The section around manufacturing is interesting. 'Not all platforms under development, such as RNA vaccines, have a proven ability to upscale.'

Oxford vaccine snapshots '1500-3500 doses per L of culture' and '2000 L culture, a batch takes 26-30 days'...'100-150m doses annually at this scale' though this is dependent on losses in downstream processing'.

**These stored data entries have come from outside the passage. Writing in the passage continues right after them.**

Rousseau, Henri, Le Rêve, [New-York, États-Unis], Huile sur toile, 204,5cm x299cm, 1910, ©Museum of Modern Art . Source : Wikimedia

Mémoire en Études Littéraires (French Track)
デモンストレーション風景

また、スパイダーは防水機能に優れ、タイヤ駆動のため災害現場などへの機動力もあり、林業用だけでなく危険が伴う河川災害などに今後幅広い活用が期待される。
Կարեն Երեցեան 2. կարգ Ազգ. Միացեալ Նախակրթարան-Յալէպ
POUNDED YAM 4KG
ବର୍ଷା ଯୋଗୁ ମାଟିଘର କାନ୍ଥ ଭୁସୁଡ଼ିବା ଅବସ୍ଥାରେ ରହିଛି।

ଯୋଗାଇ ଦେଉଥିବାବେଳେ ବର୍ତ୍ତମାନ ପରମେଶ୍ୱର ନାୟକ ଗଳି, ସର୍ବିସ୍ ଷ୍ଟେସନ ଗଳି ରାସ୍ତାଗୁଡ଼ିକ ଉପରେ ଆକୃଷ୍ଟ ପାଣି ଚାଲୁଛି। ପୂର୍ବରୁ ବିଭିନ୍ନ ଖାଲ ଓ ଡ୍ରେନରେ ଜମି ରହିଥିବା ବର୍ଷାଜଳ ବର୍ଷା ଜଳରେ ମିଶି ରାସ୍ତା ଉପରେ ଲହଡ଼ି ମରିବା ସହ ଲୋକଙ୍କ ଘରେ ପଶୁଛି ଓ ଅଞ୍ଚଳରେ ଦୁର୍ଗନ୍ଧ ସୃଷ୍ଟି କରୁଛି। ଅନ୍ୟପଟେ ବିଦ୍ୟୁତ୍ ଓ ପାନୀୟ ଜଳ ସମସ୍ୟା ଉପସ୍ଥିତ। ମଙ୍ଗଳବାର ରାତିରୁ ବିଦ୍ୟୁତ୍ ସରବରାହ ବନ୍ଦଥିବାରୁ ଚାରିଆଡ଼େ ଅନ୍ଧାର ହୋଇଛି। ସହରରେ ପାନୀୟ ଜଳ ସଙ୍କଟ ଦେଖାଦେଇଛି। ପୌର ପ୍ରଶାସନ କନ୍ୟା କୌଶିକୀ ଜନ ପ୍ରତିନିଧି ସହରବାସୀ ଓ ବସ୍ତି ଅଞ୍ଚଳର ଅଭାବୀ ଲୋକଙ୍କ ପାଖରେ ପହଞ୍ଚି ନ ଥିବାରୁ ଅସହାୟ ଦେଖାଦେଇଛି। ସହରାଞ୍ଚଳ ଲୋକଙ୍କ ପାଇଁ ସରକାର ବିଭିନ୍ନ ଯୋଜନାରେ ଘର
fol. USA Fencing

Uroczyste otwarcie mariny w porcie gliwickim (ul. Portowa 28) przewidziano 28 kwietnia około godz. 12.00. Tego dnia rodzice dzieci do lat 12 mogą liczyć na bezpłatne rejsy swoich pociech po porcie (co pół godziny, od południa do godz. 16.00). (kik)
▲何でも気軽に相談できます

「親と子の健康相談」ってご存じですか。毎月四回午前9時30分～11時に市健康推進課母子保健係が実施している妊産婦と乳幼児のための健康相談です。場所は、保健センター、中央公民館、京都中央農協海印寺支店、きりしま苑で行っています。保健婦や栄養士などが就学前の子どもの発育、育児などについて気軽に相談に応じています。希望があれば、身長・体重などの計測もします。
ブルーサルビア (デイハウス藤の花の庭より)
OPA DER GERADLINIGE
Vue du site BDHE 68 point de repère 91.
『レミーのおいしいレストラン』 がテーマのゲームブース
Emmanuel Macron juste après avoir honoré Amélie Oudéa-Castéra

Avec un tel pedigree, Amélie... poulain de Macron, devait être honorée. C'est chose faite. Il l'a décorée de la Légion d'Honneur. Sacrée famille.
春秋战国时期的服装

RNA based vaccine (BioNTech and Moderna et al.) '2-3 million doses per L of culture' with 'a single batch taking between 40 and 50 hours to complete' and 'between 5-7 bn doses of drug annually' again dependent on losses in downstream production. However in the section on challenges in manufacture it says 'For the RNA platforms, the material costs are the major contributor to the operating costs and to the overall production costs. The highest cost material is the 5’ cap analogue, for example the CleanCap sold by TriLink Biotechnologies, which is required for the RNA to function in the cells of the human body'. So additional costs there for BioNTech and Moderna. In addition 'However, filling in such large containers might be limited by the thermostability of some of the vaccines, such as the RNA vaccines. If RNA and/or other vaccines need to be lyophilised [freeze dried], this would further slow down and decrease the production volumes'.

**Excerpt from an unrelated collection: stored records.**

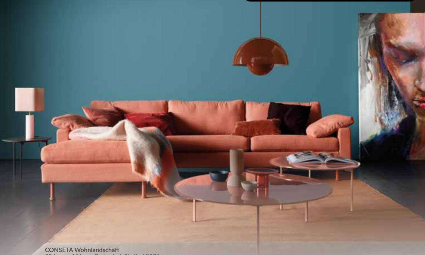
CONSETA Wohnlandschaft 294 cm x 181 cm, Bodenfrei, Stoff: 10071 Grapefruit Dieses neue Liegeelement mit 120 cm Kissenbreite ist der beste Platz, um mit Lieblingsmenschen bequem zu lümmeln und zu fläzen.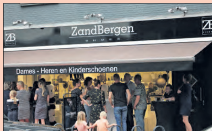
Grote drukte bij de opening van Zandbergen 2 jaar geleden.

Zandbergen speelt ludiek in op het thema. Zaterdag 5 oktober zijn er hapjes en drankjes in de winkel te vinden en voor de snoepiefhebbers zijn er naast de gebruikelijke snoeptomaatjes en stukjes komkommer eetbare schoenveters te vinden. Voor de klanten is er bij vertrek een toepasselijk aardigheidje.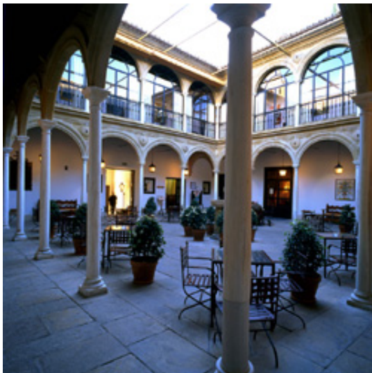
Parador de Úbeda (Jaén) Ruta Nazarí

À ces produits s'ajoutent les promotions habituelles de Paradores , comme la 'Carte Cinq Nuits', 'Jours Dorés' (avec des remises pour les plus de 60 ans) ou 'L'Escapade Jeune' (pour les moins de 30 ans).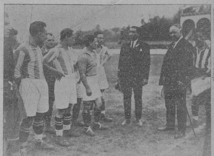
UNA REPRESENTACION DE LA GIMNASTICA SALUDANDO A LOS EQUIPOS DEL ATHLETIC Y LA REAL SOCIEDAD MOMENTOS ANTES DE LA INAUGURACION OFICIAL DEL CAMPO DE TORRELAVEGA

Así y todo, sus atques fueron cortinos, ejecutando un franco dominio, después que Lakatos, apoggiendo una pelota que había rebotado en el larguero, marcó el tercer goal para el Athletic. Su goal, el del honor, fué debido a un habilidoso remate de Galatas a un balón que procedía del ala izquierda. La habilidad consistió en aprovechar el «muro humano» que existía ante la portera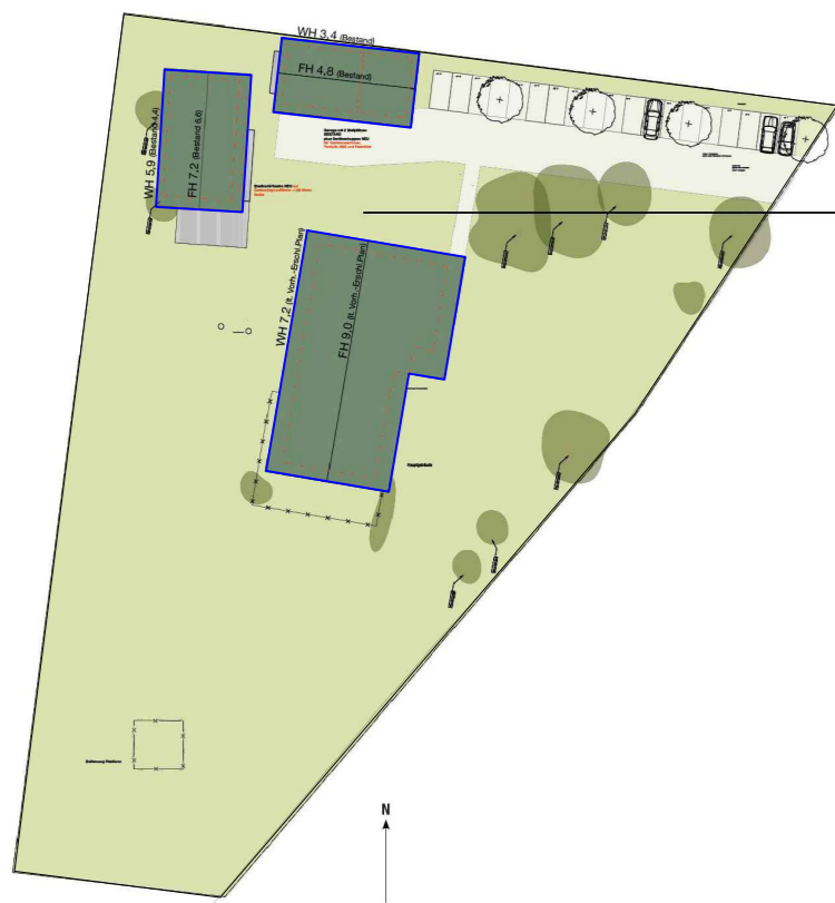
VEP Dachaufsicht M 1 : 1.000

Beispielarstellung: es ist eine abweichende Abgrenzung der Wohnungen zulässig.

Take home from this section - DNA is scaleable, it's cheaper to produce than an mRNA vaccine. It also doesn't need additional chemical reagents to be added to make it function, is chemically more stable than RNA. As we seemingly no longer need electroporation we also don't have that problem to contend with. Hence, SCLP have a clear benefit on all these points than many of the teams out front.

Will have a proper read later.

An interesting article on patients who are reinfected with covid. https://www.theguardian.com/world/2020/oct/06/flurry-of-coronavirus-reinfections-leaves-scientists-puzzled

More talk about T-cells and lasting immunity. I highly suspect first to market, may not be best in class.

C7

Good luck at the doctors! Wishing you the best.